1 Johannes Vermeer, The Concert
Stolen from the Isabella Stewart Gardner museum in Boston in 1990 in a nighttime heist, in which a security guard made the most expensive mistake in the history of art: he buzzed in two men who said they were police officers. The robbers took their time and along with The Concert, grabbed Rembrandt’s Storm of the Sea of Galilee valued at $100 million. The Vermeer is thought to be worth $200 million. Detectives think they were offered for sale in 2003 among organised crime circles in Connecticut and Philadelphia, but these leads have since dried up and no one has yet tried to claim the $5 million reward.

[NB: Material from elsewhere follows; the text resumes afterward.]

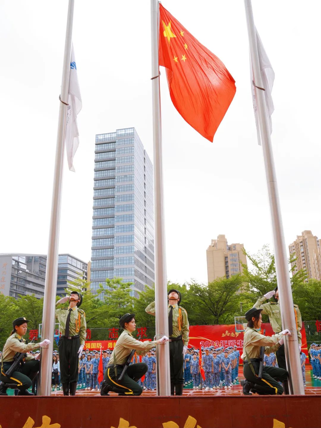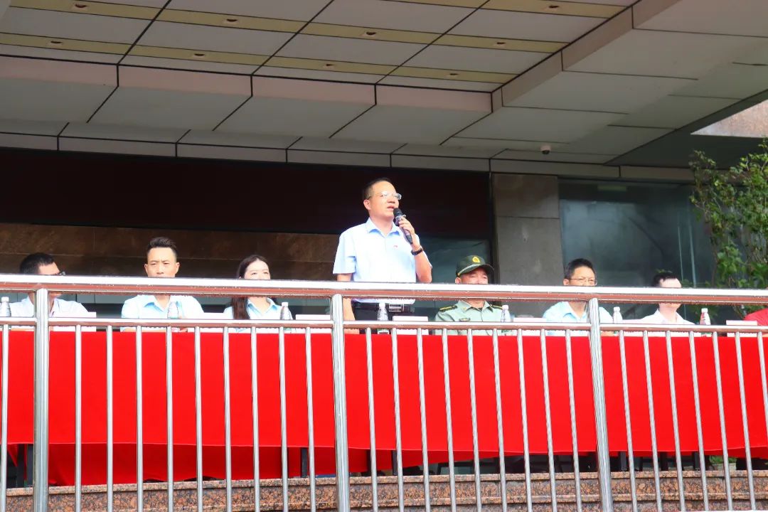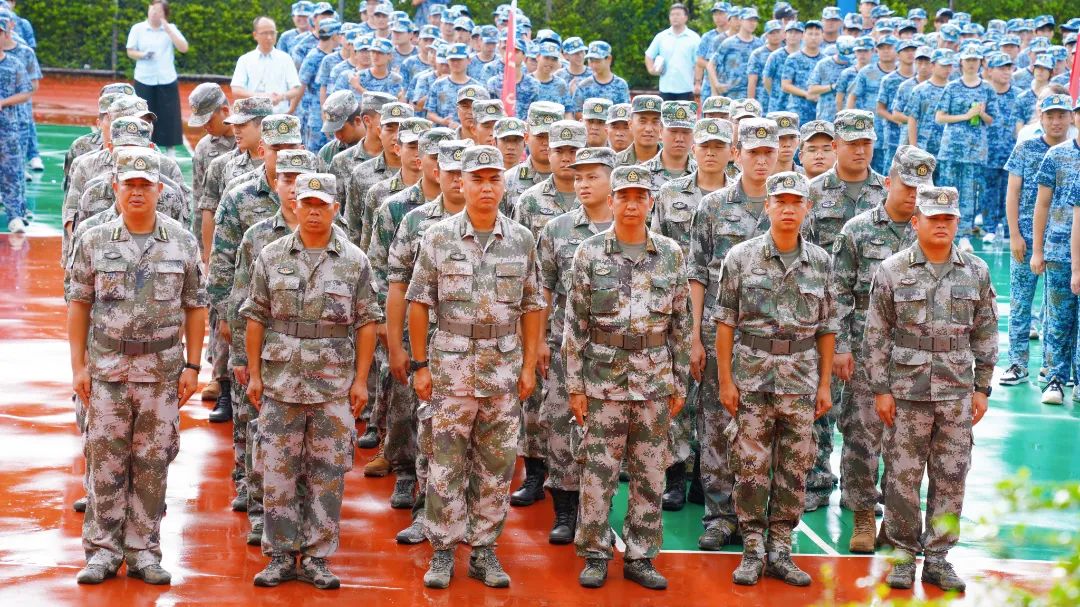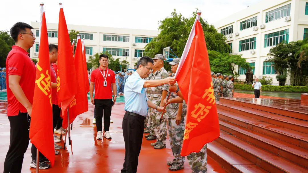 红旗迎风,队伍严整,党支部书记莫拥军宣布:2023级新生军训正式开始!青春铸军魂,热血绽芳华,2023小萌新们为期7天的丰富多彩军训生活正式开启!

2 Raphael, Portrait of a Young Man
Stolen during the second world war by the Gestapo for Hitler’s Berlin home, senior Nazi Hans Frank took the 16th-century oil to the royal Wawel Castle where it vanished. Thought to be the most important painting to have gone missing in World War II (it makes an appearance in George Clooney’s Monuments Men), it has been valued at $100 million.
3 Peter Carl Fabergé, Eight Imperial Fabergé Eggs
Only 52 were made for the Russian Royals between 1885 and 1917. Eight remain unaccounted for, taken by the Bolsheviks in 1918 and stashed in the Kremlin, before being sold to private collectors or being stolen. One scrap metal dealer struck more than gold when he tried to sell what he thought was a $500 golden egg and it turned out to be the third Fabergé egg ever made – Tsar Alexander III’s 1887 Easter gift to his wife, Tsarina Maria Feodorovna. It was valued at $33 million and quickly snapped up by a private buyer.

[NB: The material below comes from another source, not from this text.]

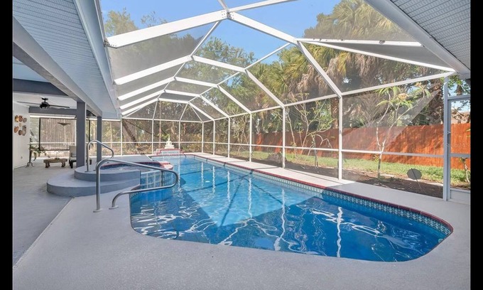 A 50ft pool in a large screened lanai. With a fire pit area out back. This house is located 3 miles to Nolomis beach and 8 miles to world famous Siesta Key. It is close to Oscar Sherer state park and downtown Sarasota and Venice

4 Vincent Van Gogh, View of the Sea at Scheveningen
Stolen on December 7th, 2002 from Amsterdam’s Van Gogh Museum. Copying a scene from the 1950s cult crime film noir classic Rififi, two men climbed a 4.5-metre ladder onto the roof of the building, broke a window and descended via a rope and, dodging infra red beams, took View of the Sea at Scheveningen and Congregation Leaving the Reformed Church in Nuenen. The paintings are valued at £30 million. Two men were convicted in 2004 and sent to prison for 4.5 years. The paintings are still missing and a reward of €100,000 is still up for grabs.
5 Paul Cézanne, View of Auvers-sur-Oise
Stolen in 2000 from Oxford’s Ashmolean Museum in the early hours of the first day of the millennium, the thieves also gained entry via the roof before slashing the uninsured painting from its frame – possibly damaging the canvas. To distract security guards they set off smoke canisters. A few weeks later, detectives thought they’d found it in a West Midlands pub but it turned out to be a copy – the paint was still wet. Prices for Cézannes have shot up in the intervening years (the nation of Qatar paid $250 million for his Card Players in 2012), pushing this painting into the top five.